TikTok Shop is turning over billions of dollars in sales each year, but what if Gen Z is on the road to preferring another ecommerce channel?
The Retail Technology Show, a London exhibition founded in 2021, collected data from 1,000 Gen Z shoppers and found that on average, they made 20 purchases on Roblox within the last 12 months. That’s a 54% year over year growth from Gen Z Roblox purchases made in 2025, RTS said.
Roblox purchases across all age groups rose 31% over the last year, it added.
Subscribe for daily Tubefilter Top Stories
Now, this doesn’t mean that Gen Z is shopping more on Roblox than on TikTok. RTS’s data showed that in the last 12 months, Gen Z consumers made an average of 23 purchases on TikTok, edging out the 20 on Roblox.
What RTS focused on with its data is that those 23 purchases indicate only a 10% year over year growth in Gen Z TikTok shopping from 2025. That’s far below the 54% jump Roblox saw.
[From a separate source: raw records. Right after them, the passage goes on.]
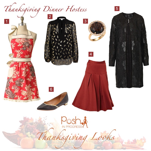 You decided to host Thanksgiving dinner, s your outfit and attitude will set the tone for the day. You want to be comfortable, but as the host, want to look elegant and confident. Choose a skirt that is stretchy, not restrictive, and has some movement. I chose a bold, saturated color that feels very fall and holiday. A patterned blouse with some shine pairs very well with the skirt. The blouse gives dimension to the look with metallic elements that always give a holiday vibe. Pointed toe flats elongate the leg but are comfortable to entertain your guests and stand in the kitchen all day. Tights with a seam in the back are a modern throwback to mid-century and go well with the midi-length skirt. This printed apron blends well with the other colors in the look while protecting your clothes during your last-minute kitchen runs. Right before dinner, you grab your cocktail ring that mimics the gold in the blouse and shoes that completes the look. Should you decide to leave the house after dinner to look at Christmas lights or partake in some other family festivities, you can pair this look with a lacey topcoat.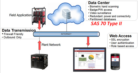 The concept of production monitoring in the cloud is no different than web-based email, such as Gmail®, or account services websites from financial institutions, retailers and other websites. Just as you log in into your bank account, PayPal® or credit card account on a PC or a mobile device, you can use your secure user name and password to access pertinent data at any time of the day.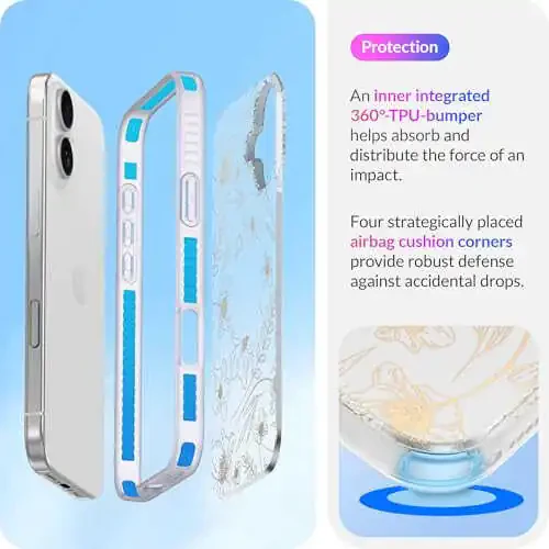 **FAQAT Apple iPhone 16 bilan mos.** Nurlarni ushlab, jozibali ta'sir yaratadigan murakkab oltin folga urg'ulariga ega go'zal gulli dizayn. Aniq kesmalar yangi Kamera Boshqarish tugmasiga osongina kirish imkonini beradi. Ichki birlashtirilgan zarbani yutadigan bamper sizning yangi telefoningizni 10 futgacha balandlikdan tushishdan asraydi. Yuqoriga ko'tarilgan qirralar kamerani va ekranni tirnalish va tushishdan saqlaydi.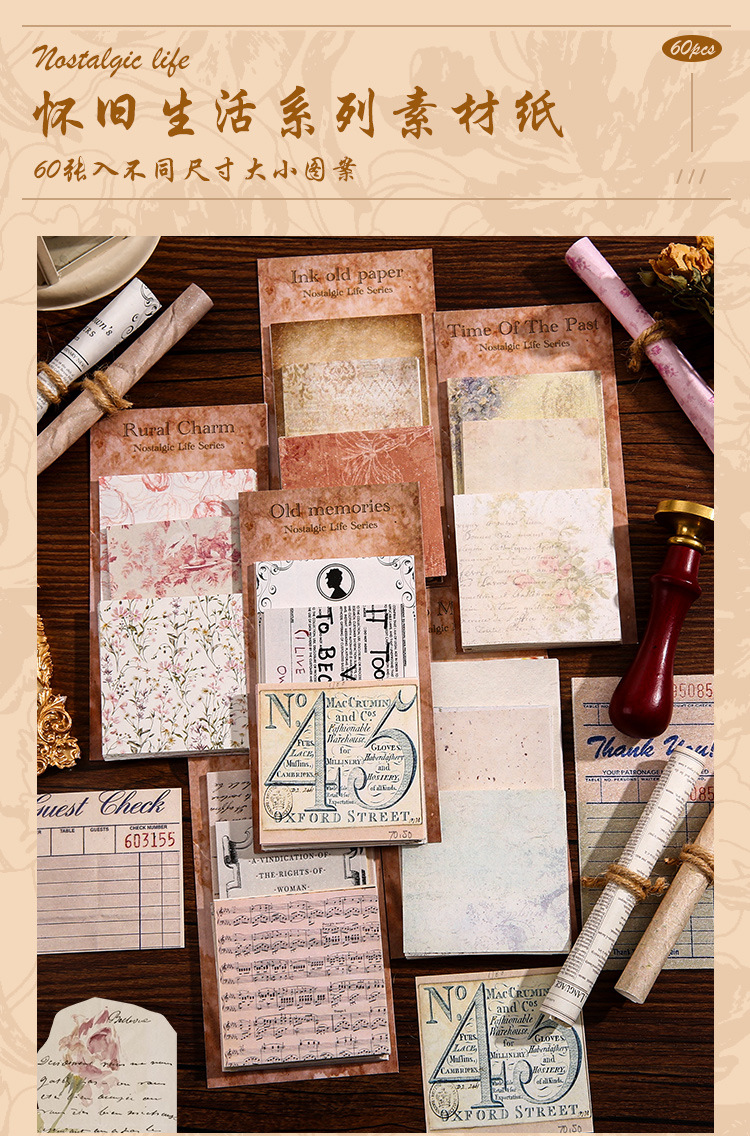 창조적 인 복고풍 향수 생활 시리즈 소재 종이 학생 DIY 백킹 배경 손 계정 소재 신문 노트 종이스토어 가기

“Gen Z may soon move on from their ‘TikTok made me buy it’ era as purchase growth on Roblox across physical and digital products continues to put on pace,” Matt Bradley, RTS’s Founder & Event Director, said in a statement. “While many may have previously pigeon-holed Roblox as a metaverse-dependent channel, its resurgence is gaining new momentum. Underpinned by peer-to-peer engagement–something which is declining on other platforms–Roblox’ renewed commercial success is being driven by a sense of community and digital self-expression.”
We don’t know that this data quite so firmly indicates Gen Z may “move on” from TikTok Shop. On paper, both TikTok and Roblox offer marketplaces where kids and teens can spend their money. But in practice, they’re pretty different: Roblox targets gamers and sells digital items like avatar and weapon skins, while TikTok targets anyone and everyone with a wallet (or a parent’s wallet) and sells a vast variety of physical products, from snacks to toys to cosmetics, books, and even luxury handbags.
That being said, Roblox is experimenting with selling physical products (while TikTok doesn’t sell digital merch equivalent to what Roblox offers), so RTS’s data could indicate it’ll have a strong showing once it gets more ecommerce offerings online.
(Also worth mentioning: RTS pulled data for Whatnot as well, and found that Gen Z’ers are the most frequent buyers on the app, with an average of 16 orders per year. Data showed first-time buyers on Whatnot grew 374% in 2025, and women’s fashion streams now bring more than 500,000 view hours per month. We’ve seen Whatnot around in the creator community for a while, but it’s swinging big now thanks to a new partnership with MrBeast.)
At this juncture, we don’t know that Roblox will overtake the social selling juggernaut that is TikTok Shop–but with Gen Alpha being even more online than Gen Z, it’s possible that Roblox could become a rival marketplace with a digital edge over Shop.